— Try it —
Everything from the opening line of the listing below to the line that has "A box of 18v", inclusive, should be returned exactly, except the pictures.
────────────────────────────────────────
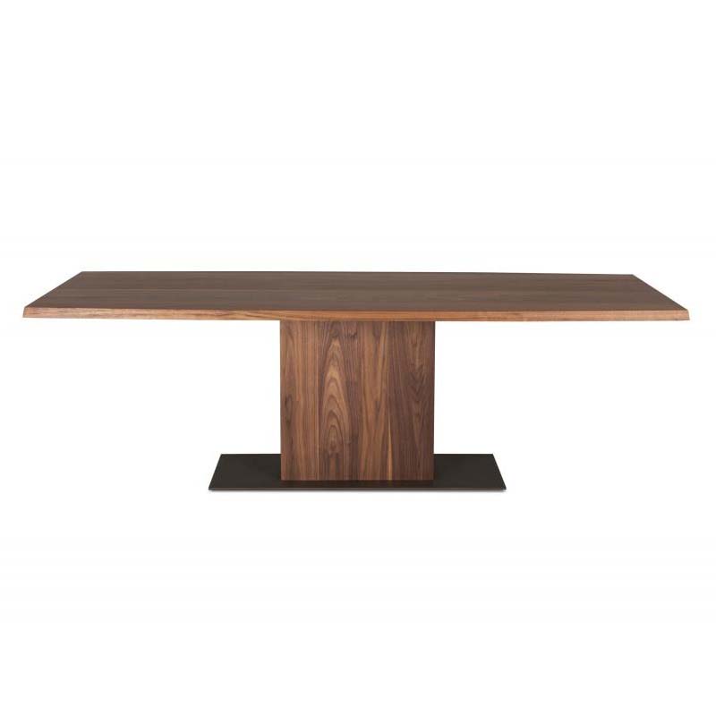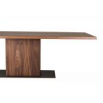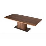 Τραπέζι με καμπύλο παραλληλόγραμμο καπάκι με 10 μοίρες φάλτσο από καπλαμά ξύλου ή λάκα και βάση από καπλαμά ξύλου ή λάκα με μεταλλική λεπτομέρεια.
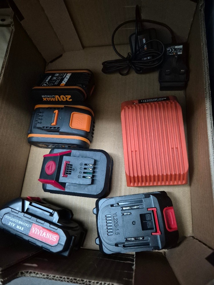 A box of 18v and 20v cordless batteries and chargers - 2 x Worx batteries plus 1 chargers; BMC lawnmower charger; Spear & Jackson 18v Li-ion battery; 2 Vivianus 21v batteries
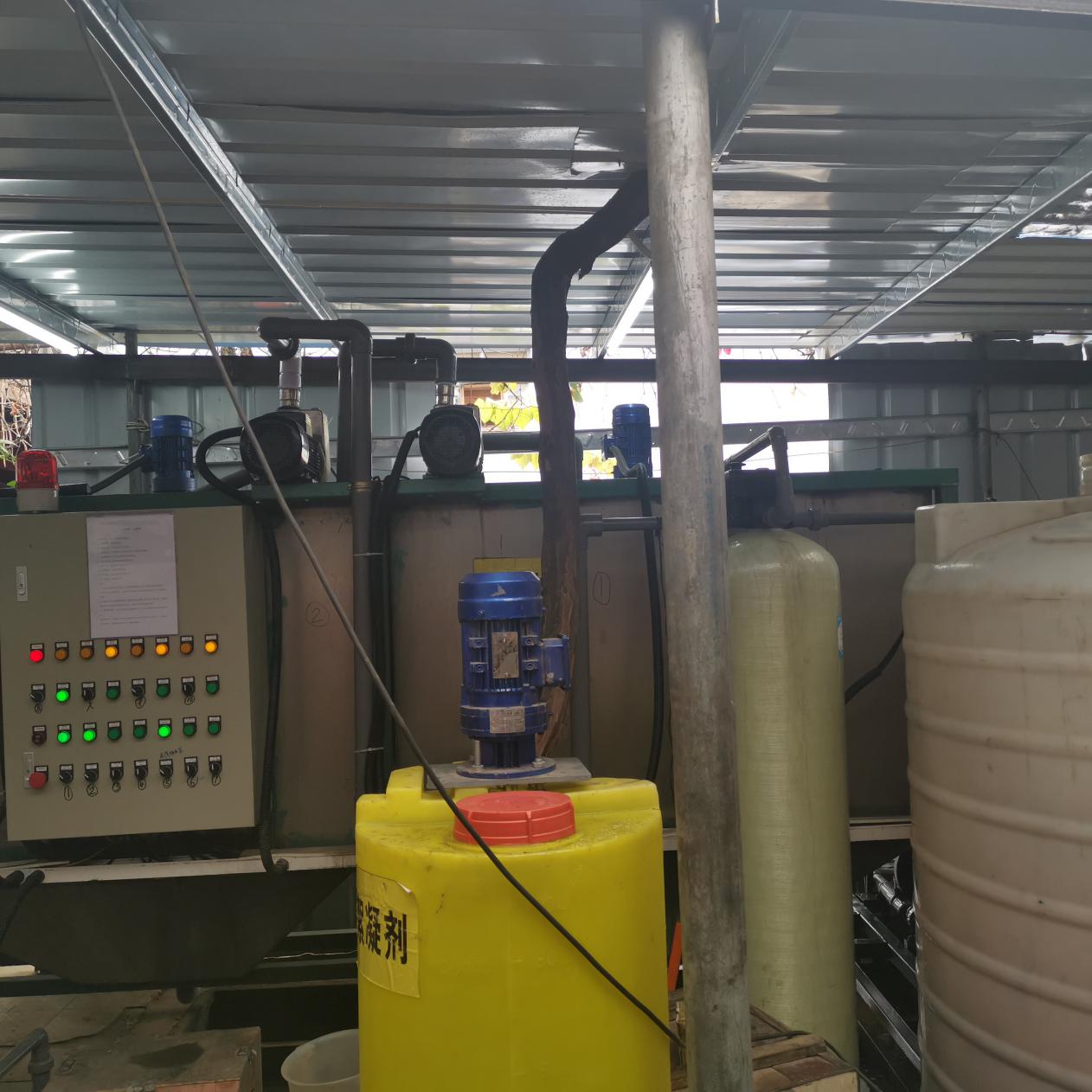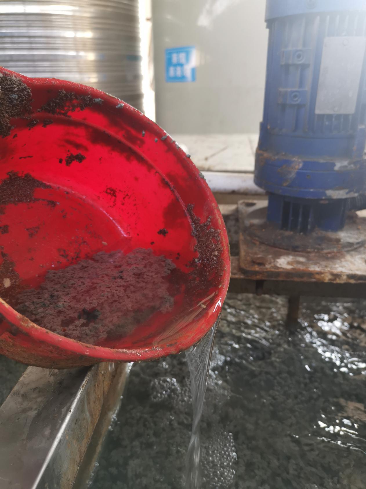 廣東某做配電柜的酸洗磷化廢水,一天30噸,PH值3.4,色度700,SS1200,磷42,每噸水投加500克脫色劑,0.4公斤氫氧化鈣,稀釋1000倍的PAM3公斤,出水低于廣東省排放標(biāo)準(zhǔn),經(jīng)超濾后用于生產(chǎn)廢水。
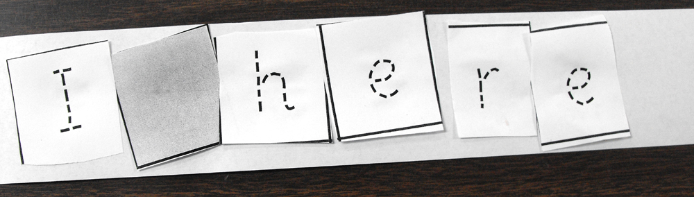 Today, students cut individual letters apart, spelled the word wall words for the week, and then glued them to adding machine tape. Students made certain that there were spaces between their words by placing a grey square between the ending of one word and the beginning of the next word.
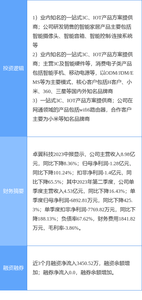卓翼科技涨停收盘,收盘价6.06元。该股于9点31分涨停,未打开涨停,截止收盘封单资金为9630.86万元,占其流通市值2.81%。
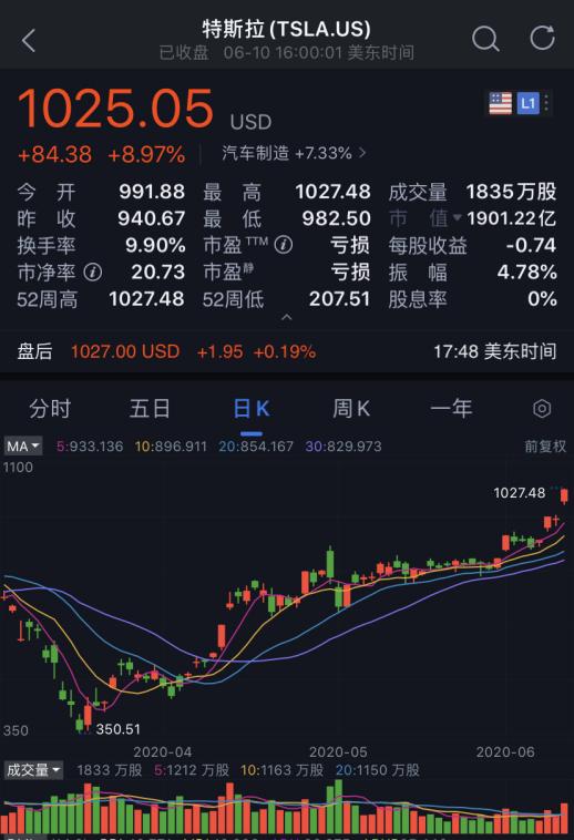 三是特斯拉暴涨近9%,总市值突破1900亿美元,超越丰田成全球市值最大汽车公司。
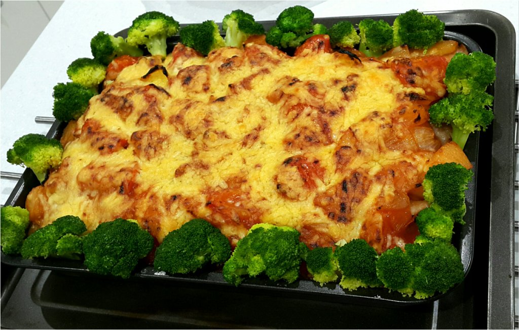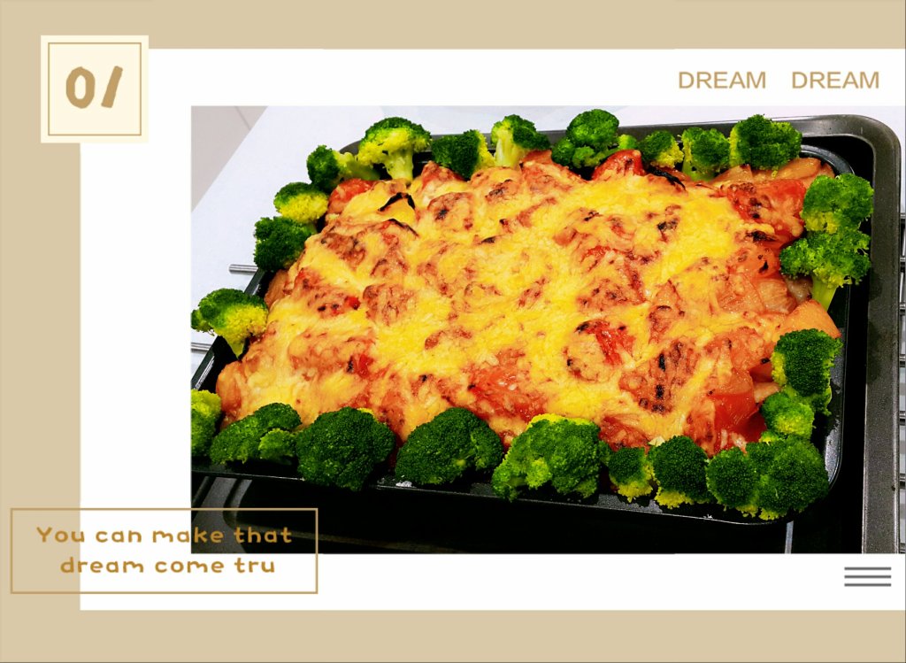 白灼西蘭花後放焗盤圍邊,更美觀又美味
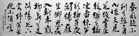 總之,在觀賞其書(shū)法筆墨時(shí),總會(huì)令人體悟到:或雄壯、或悲戚、或靜寂、或高傲、或?yàn)⒚?、或孤傲、或剛?qiáng)、或柔美、或遒麗、或儒雅、或超逸,或跌宕起伏、或悲愴奮發(fā),或雄武神威、或雍容華貴、或靈姿秀發(fā)、或雄姿煥發(fā)……等等,使得漢字的獨(dú)特魅力被淋漓盡致地展現(xiàn)出來(lái),達(dá)到了出神入化之境地。其深邃的筆墨線條功力不僅富有哲理性、情感性、藝術(shù)性,而且富有深厚的傳統(tǒng)性、高尚的時(shí)代性和強(qiáng)烈的個(gè)性,通過(guò)其書(shū)法筆墨線條和結(jié)體、章法布白之神妙變化的表現(xiàn),使?jié)h字書(shū)法藝術(shù)煥發(fā)出強(qiáng)大的內(nèi)在生命力和無(wú)尚的藝術(shù)美,總令人遐想、陶醉與神往,而感嘆不已!
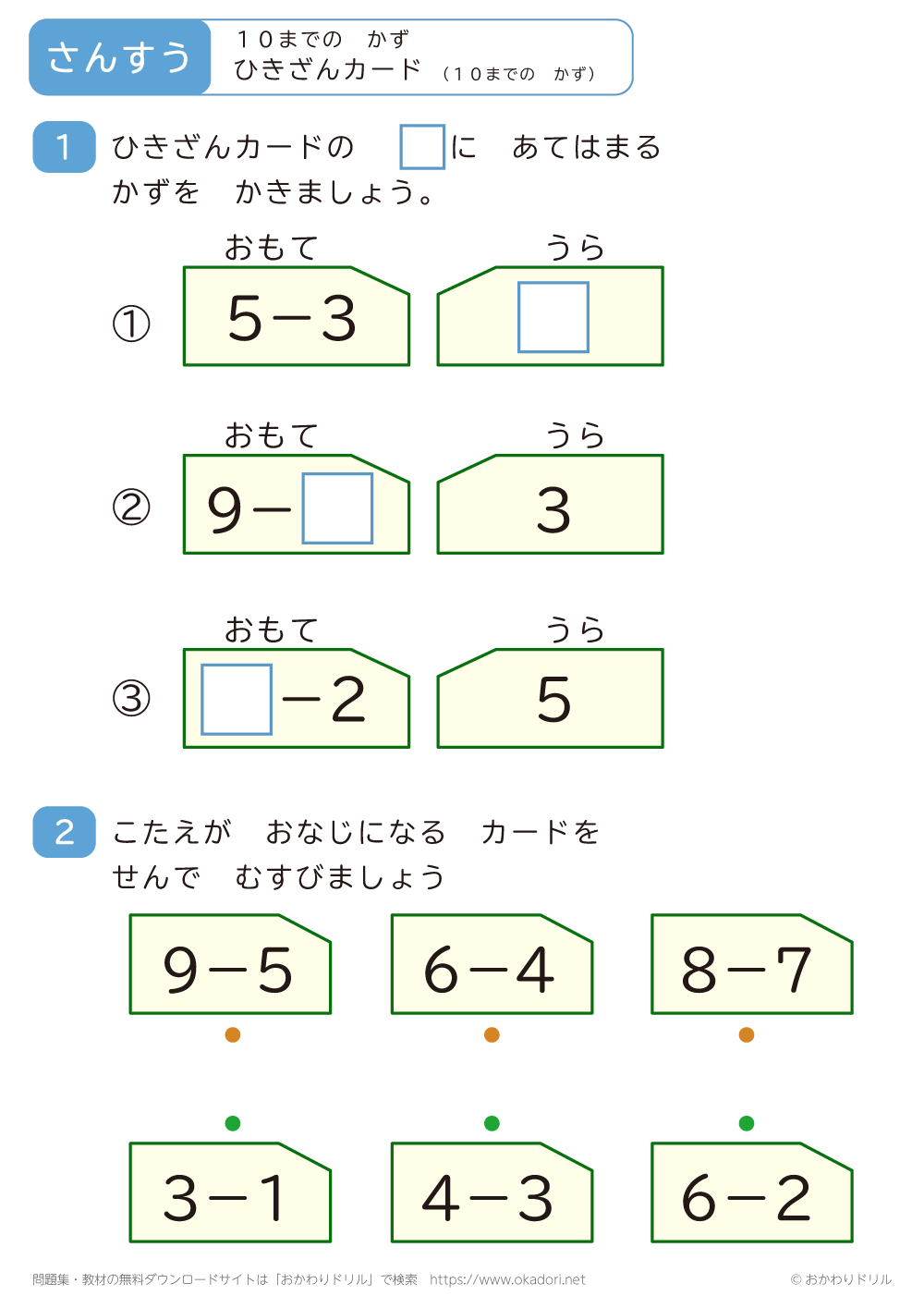 引き算カードの問題です。10までの数の引き算カードを計算してみましょう。
────────────────────────────────────────
— Exercise answer —
 Τραπέζι με καμπύλο παραλληλόγραμμο καπάκι με 10 μοίρες φάλτσο από καπλαμά ξύλου ή λάκα και βάση από καπλαμά ξύλου ή λάκα με μεταλλική λεπτομέρεια.
 A box of 18v and 20v cordless batteries and chargers - 2 x Worx batteries plus 1 chargers; BMC lawnmower charger; Spear & Jackson 18v Li-ion battery; 2 Vivianus 21v batteries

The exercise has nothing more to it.